Upon his return to the dugout, a sweating Bonds was met by the Lewis family, who were decked out in Giants home jerseys compliments of the team. The family -- cancer patient Paulita, her husband Bruce, daughter Erin, 11, and son Hunter, 9 -- had been hastily invited to meet with Bonds during a trip to San Francisco.

The family is having its home in El Segundo, Calif., remade by ABC's "Extreme Makeover: Home Edition" and won't return to the Los Angeles area until the house is ready Tuesday.

The family was selected because Paulita Lewis was diagnosed earlier this year with thymic carcinoma, a rare cancer that strikes the thymus, a small organ in the upper chest below the neck that produces a form of white blood cells before birth and during childhood.

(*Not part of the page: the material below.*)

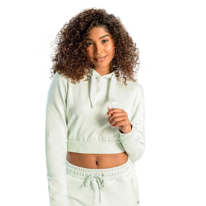 Tato mikina má moderní zkrácený střih a minimalistický design, který podtrhují decentní nápisy a logo STRIX. Skvěle se hodí k legínám nebo teplákům s vysokým pasem. Kratší střih mikiny zvýrazní váš úzký pas a budete se v ní cítit sebevědomě na tréninku v posilovně, ale také ve volném čase.

While she was undergoing surgery May 9 to remove what Paulita called a tumor "the size of two tennis balls" in her upper chest, she had a pair of heart attacks.

"I'm just lucky to be alive," she said.

Three to four hours of surgery turned into nine grueling hours. Because the tumor had become so entangled in blood vessels and tissue, doctors could remove only half of it. She has just concluded her fourth cycle of chemotherapy in an attempt to shrink the rest.

Meeting with someone in that condition was enough to put Bonds' own problems this year into perspective, he said. He had surgery to remove meniscus from the knee on Jan. 31 and March 17. And after a serious bacterial infection set in that threatened the very existence of his lower right leg, Bonds had surgery again on May 2 to eradicate that infection.

"It's tough," Bonds said. "You just look into these people's eyes and you can understand their problems, feel their emotions. Truly, I haven't had it that bad."

And come Monday, he may be out on a baseball field again, where he always has been able to prove it.

Barry M. Bloom is a national reporter for MLB.com. This story was not subject to the approval of Major League Baseball or its clubs.